START Record excerpts

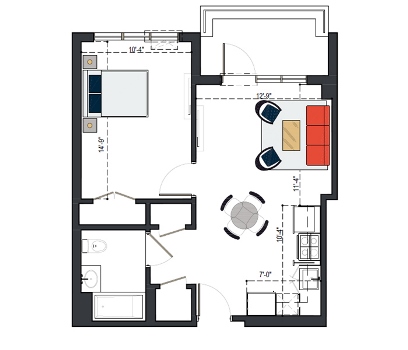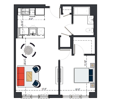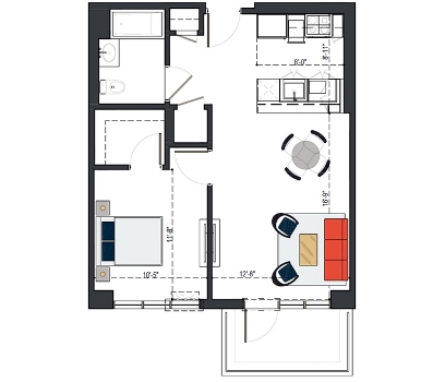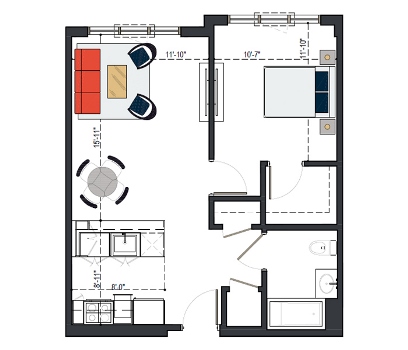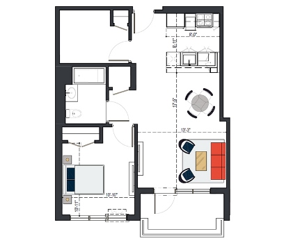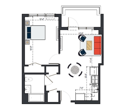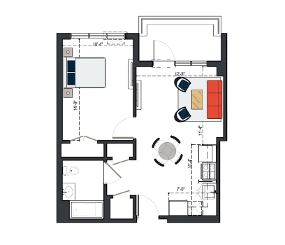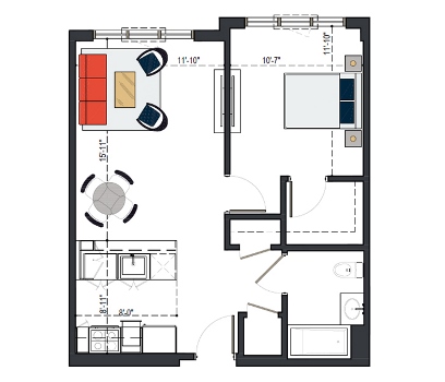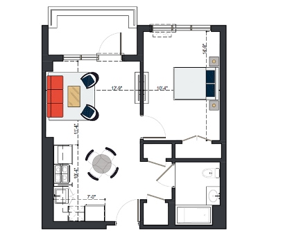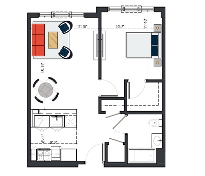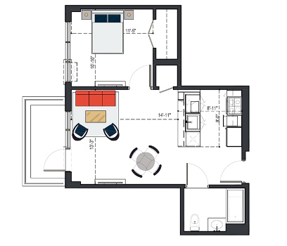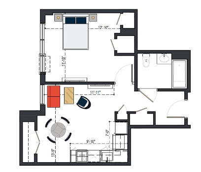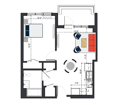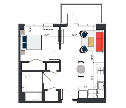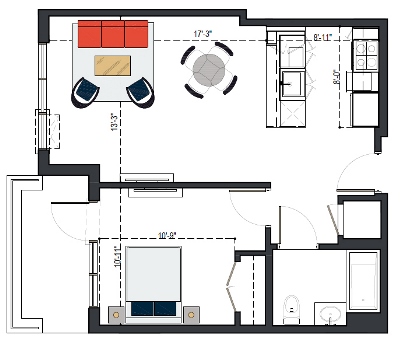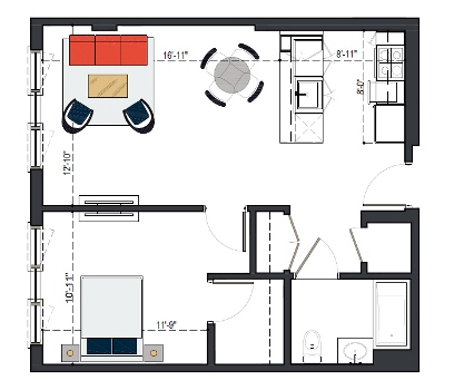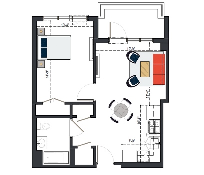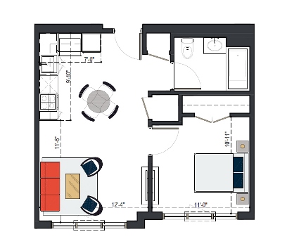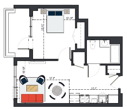 First Floor, 1 Bed, UFAS- MI, 629 SF
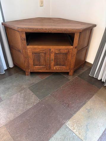 Stevig houten tv-meubel gratis af te halen. Ideaal voor een hoekopstelling in de woonkamer. Ophalen in venlo
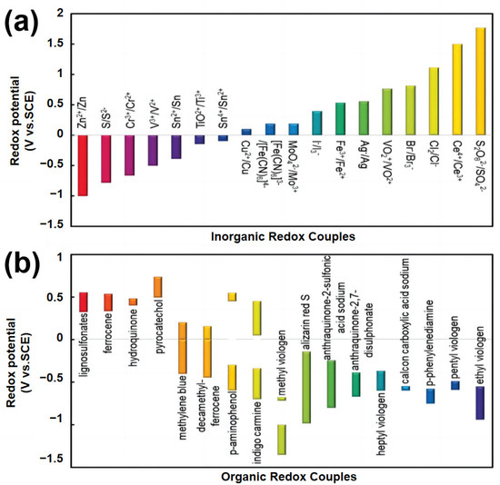 Redox potentials of various inorganic (a) and organic (b) redox electrolytes used for the construction of redox electrolyte-enhanced electrochemical capacitors [55].
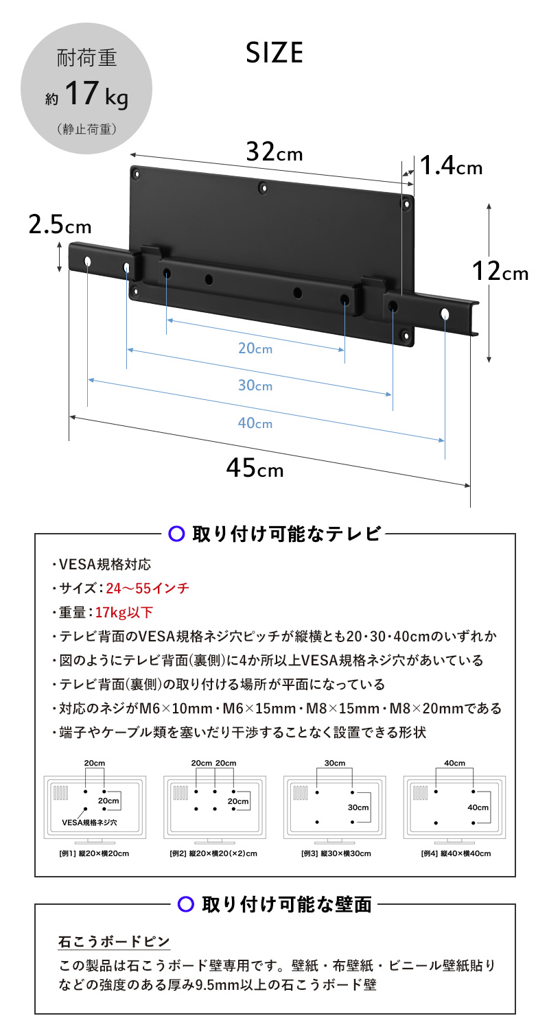 | 備 考 | <取り付け可能なテレビ(VESA規格対応)> サイズ:24〜55インチ 重量:17kg以下 VESA規格ネジ穴ピッチ:縦横 20・30・40cm 背面が平らなテレビ <取り付け可能な壁> 壁紙・布壁紙・ビニール壁紙貼りなどの強度のある厚み9.5mm以上の石こうボード壁 |
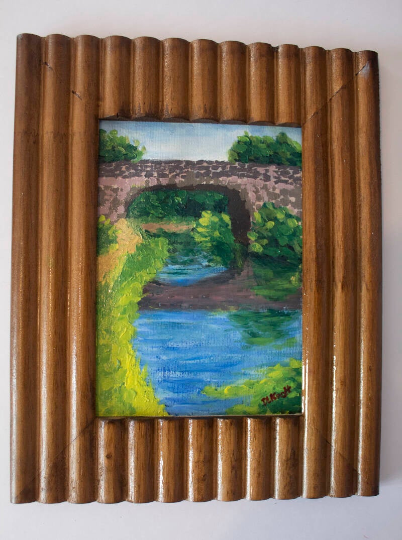 I used soft blended brushwork in the sky and water too keep them looking tranquil. The bold impasto brushwork in the bridge, foliage and pathways, I feel, really bring the piece to life. I may revisit this scene another day and get that pathway right, but for now I'm OK with it's imperfections.
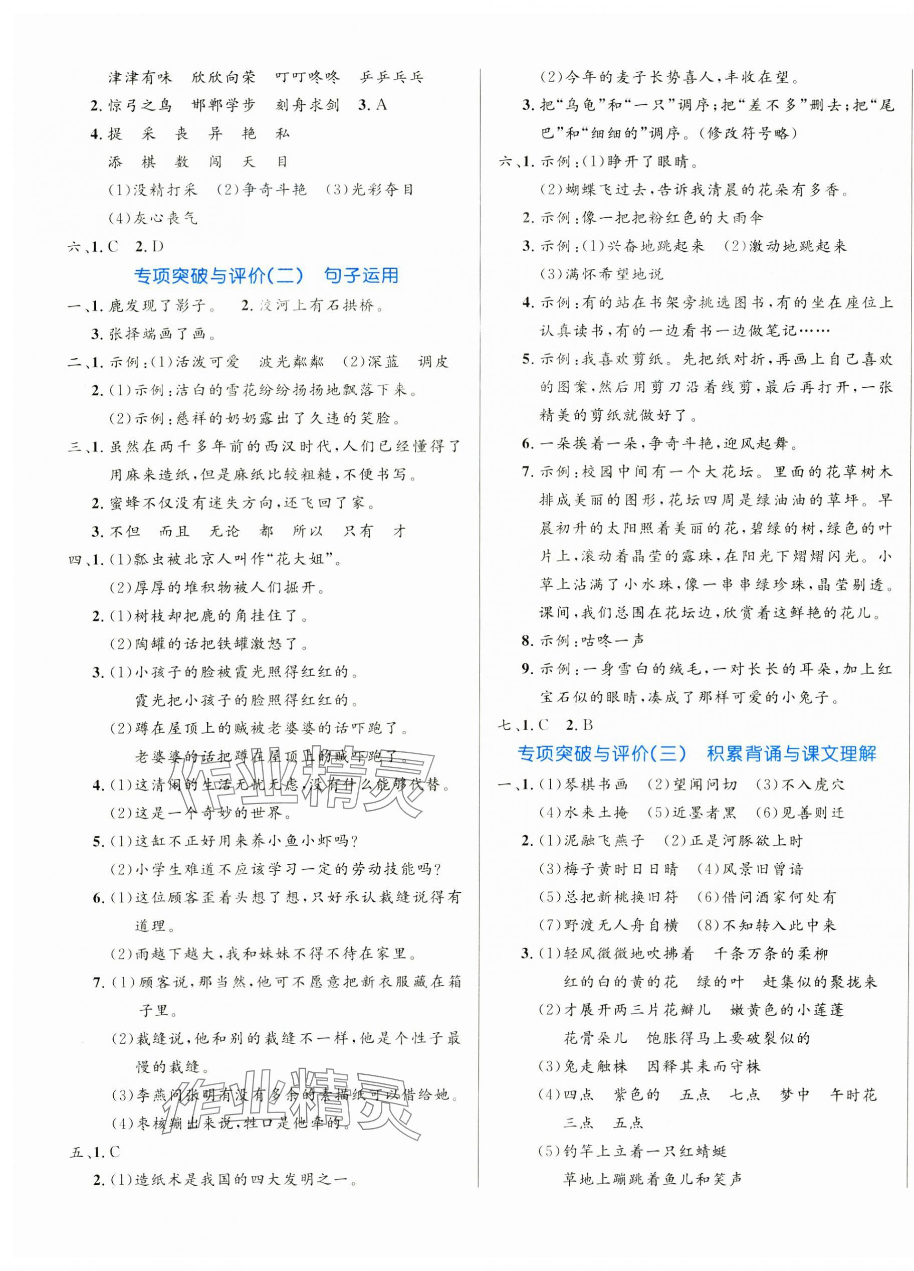 注:目前有些书本章节名称可能整理的还不是很完善,但都是按照顺序排列的,请同学们按照顺序仔细查找。练习册 2025年黄冈名卷三年级语文下册人教版 答案主要是用来给同学们做完题方便对答案用的,请勿直接抄袭。
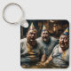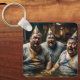 Three chubby guys in a hilarious post-birthday mess. Carry humor and chaos wherever you go with this playful keychain art.
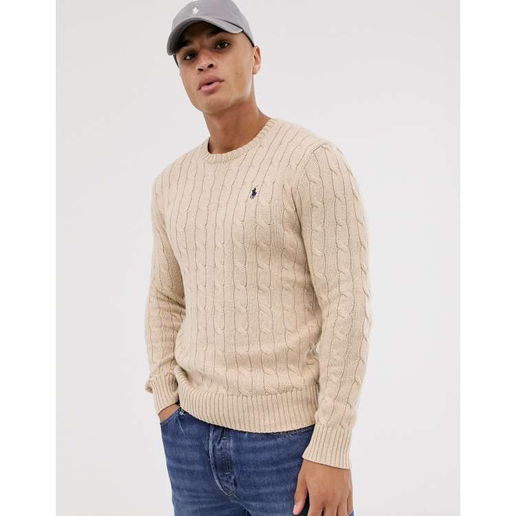 Ralph lauren cable knit jumper beige Clearance, Polo Ralph Lauren player logo cotton cable knit jumper in beige marl | ASOS Clearance
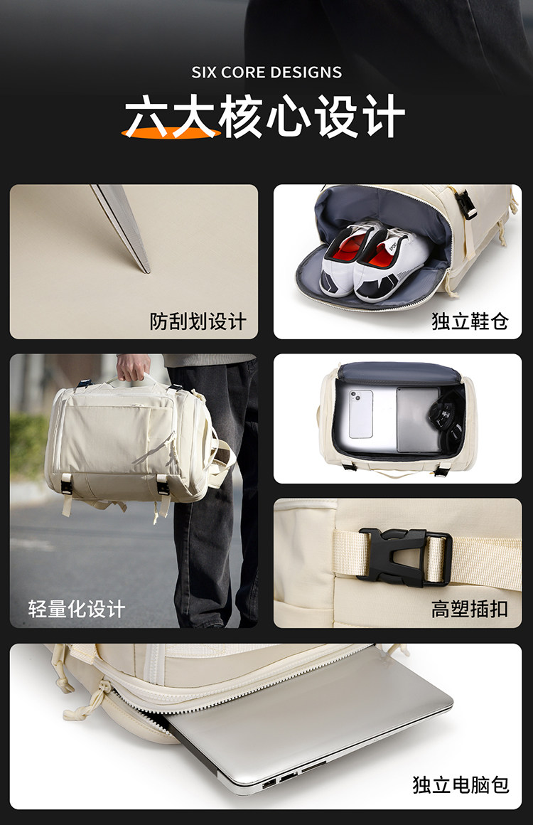大容量雙肩包輕便多層口袋可擴展出差旅行包高顔值休閒通勤電腦包
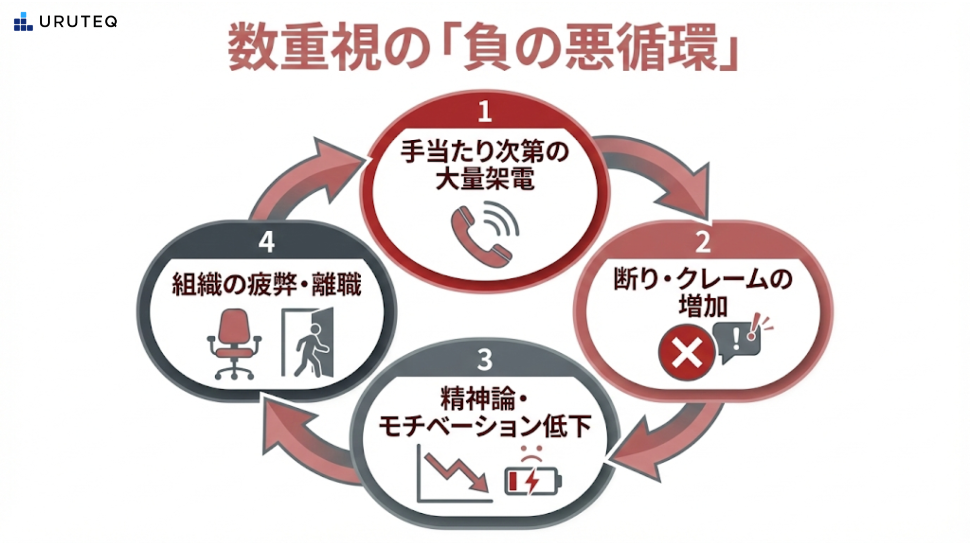 彼らが犯した間違いは、営業担当者のスキル不足ではありませんでした。「誰に、いつかけるか」という戦略を持たず、確率論だけに依存してしまったことこそが、失敗の本質だったのです。この事例は、リソースの浪費だけでなく、組織そのものを壊しかねない「数重視」の危険性を教えてくれます。

END Record excerpts

Task description =
Pictures stay out of the copy, while everything else in the records above goes in exactly as written.

Final answer =
 First Floor, 1 Bed, UFAS- MI, 629 SF
 Stevig houten tv-meubel gratis af te halen. Ideaal voor een hoekopstelling in de woonkamer. Ophalen in venlo
 Redox potentials of various inorganic (a) and organic (b) redox electrolytes used for the construction of redox electrolyte-enhanced electrochemical capacitors [55].
 | 備 考 | <取り付け可能なテレビ(VESA規格対応)> サイズ:24〜55インチ 重量:17kg以下 VESA規格ネジ穴ピッチ:縦横 20・30・40cm 背面が平らなテレビ <取り付け可能な壁> 壁紙・布壁紙・ビニール壁紙貼りなどの強度のある厚み9.5mm以上の石こうボード壁 |
 I used soft blended brushwork in the sky and water too keep them looking tranquil. The bold impasto brushwork in the bridge, foliage and pathways, I feel, really bring the piece to life. I may revisit this scene another day and get that pathway right, but for now I'm OK with it's imperfections.
 注:目前有些书本章节名称可能整理的还不是很完善,但都是按照顺序排列的,请同学们按照顺序仔细查找。练习册 2025年黄冈名卷三年级语文下册人教版 答案主要是用来给同学们做完题方便对答案用的,请勿直接抄袭。
 Three chubby guys in a hilarious post-birthday mess. Carry humor and chaos wherever you go with this playful keychain art.
 Ralph lauren cable knit jumper beige Clearance, Polo Ralph Lauren player logo cotton cable knit jumper in beige marl | ASOS Clearance
大容量雙肩包輕便多層口袋可擴展出差旅行包高顔值休閒通勤電腦包
 彼らが犯した間違いは、営業担当者のスキル不足ではありませんでした。「誰に、いつかけるか」という戦略を持たず、確率論だけに依存してしまったことこそが、失敗の本質だったのです。この事例は、リソースの浪費だけでなく、組織そのものを壊しかねない「数重視」の危険性を教えてくれます。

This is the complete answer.